WHAT YOU SHOULD DO – Repeat everything in the listing exactly, except for the images.

[GIVEN DATA Boundary: Start]

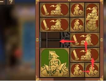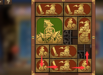 3、之后再将左下方的长方形向右移动,将军向下移动,将军上面的长方形也向下移动,右上角的长方形向左移动,其余右边的图形全部向上移动。
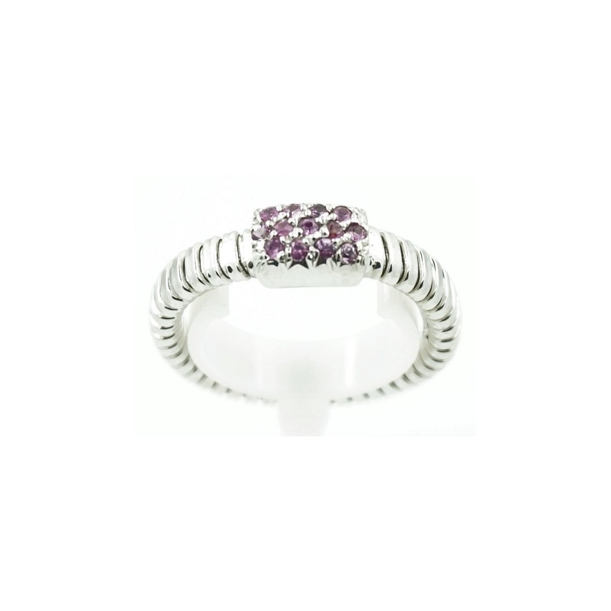 Ring gem amestita 18kt white gold tubular pattern Dim. 14
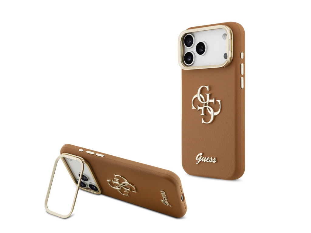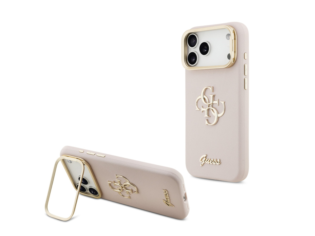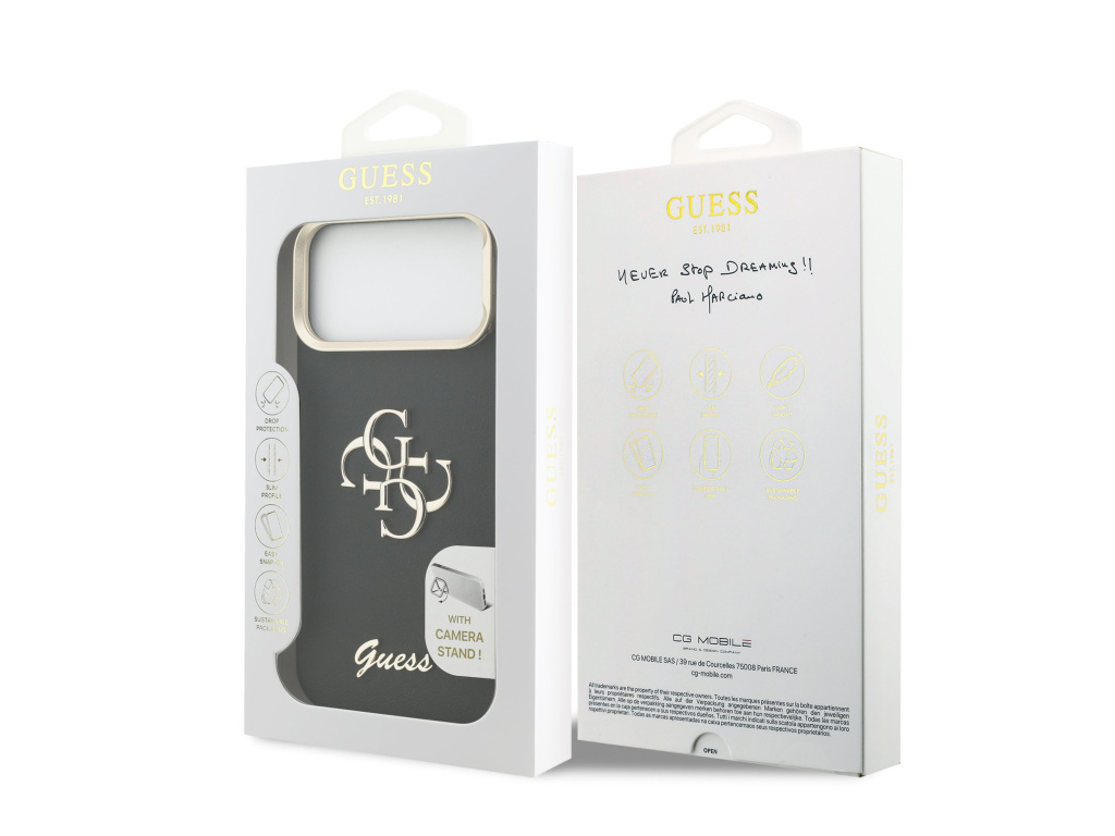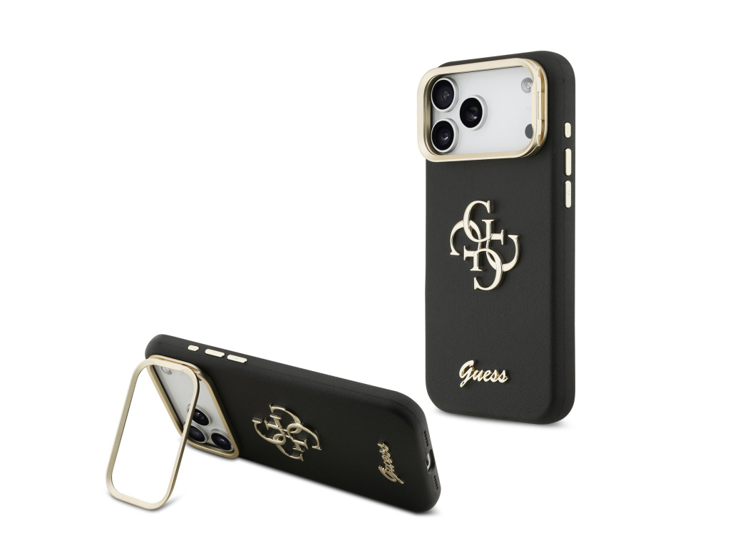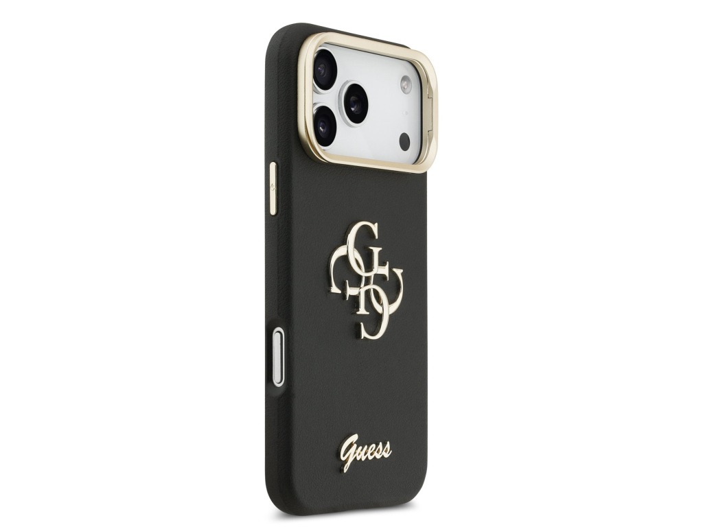 Guess PU Grained 4G Logo Stand Camera Frame Zadní Kryt pro iPhone 17 Pro Max

[GIVEN DATA Boundary: End]

FINISHED TASK –
 3、之后再将左下方的长方形向右移动,将军向下移动,将军上面的长方形也向下移动,右上角的长方形向左移动,其余右边的图形全部向上移动。
 Ring gem amestita 18kt white gold tubular pattern Dim. 14
 Guess PU Grained 4G Logo Stand Camera Frame Zadní Kryt pro iPhone 17 Pro Max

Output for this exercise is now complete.